Engineering samples of Jalapeño are already running ML workloads in OpenAI's labs — including GPT-5.3-Codex-Spark — at production target frequency and power.

Built for inference, not training

Jalapeño is an ASIC: a chip designed to do one thing exceptionally well rather than a general-purpose accelerator adapted to AI workloads. The target is inference — running trained models in response to user requests — not the training process itself.

The architecture directly addresses the bottleneck that limits GPU efficiency on LLM inference: memory bandwidth and data movement. Nvidia GPUs are optimized across a range of workloads; Jalapeño optimizes specifically for the compute-to-memory balance, networking efficiency, and scheduling patterns that large language models demand. The result, according to OpenAI, is performance per watt substantially better than current state-of-the-art at this workload type.

The early performance claim: roughly 50% lower inference cost per token compared to current-generation Nvidia GPUs.

OpenAI's models helped design the chip

One detail that threads through the announcement: OpenAI used its own AI models to accelerate parts of the chip design and optimization process. The company has been applying its models to scientific and engineering work more aggressively over the past year; hardware design is now on that list.

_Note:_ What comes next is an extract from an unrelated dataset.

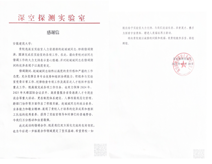 本网讯 近日,我校收到来自深空探测实验室的感谢信,对选派的赵斌斌同志在借调期间的工作表现给予了高度肯定,并对学校在人才支持方面作出的贡献表示衷心感谢。

The 10-gigawatt commitment

Jalapeño is described as the first chip in a multi-generation compute platform — not a one-off experiment. The broader deal between OpenAI and Broadcom calls for deploying OpenAI-designed accelerators at gigawatt scale in data centers built with Microsoft and other partners, with a commitment to reach 10 gigawatts of capacity through 2029.

Hock Tan framed the scale plainly: "Our collaboration with OpenAI represents a fundamental commitment to scaling the physical infrastructure required for the next decade of AI."

The initial deployment target is end of 2026, with the full production ramp in 2027 and expansion through 2028–2029.

The Nvidia angle

Nvidia has supplied the vast majority of AI compute since the large-language-model era began. OpenAI has been one of its largest customers. Jalapeño is explicitly designed for the fastest-growing segment of AI demand — inference — and early performance comparisons are made directly against Nvidia's Blackwell chips and Google's TPUs.

That does not mean OpenAI is immediately displacing Nvidia for training workloads. Jalapeño is inference-only, and training at frontier scale still runs on Nvidia hardware. But inference is where volume is growing fastest as AI products scale to millions of users, and controlling that cost at the chip level changes OpenAI's unit economics significantly.

What "full stack" means here

Observers have drawn comparisons to Apple's transition to custom silicon: a company that sells experiences at the top of the stack quietly takes control of the hardware underneath, gaining cost efficiency, integration, and a competitive moat that third-party hardware vendors cannot easily replicate.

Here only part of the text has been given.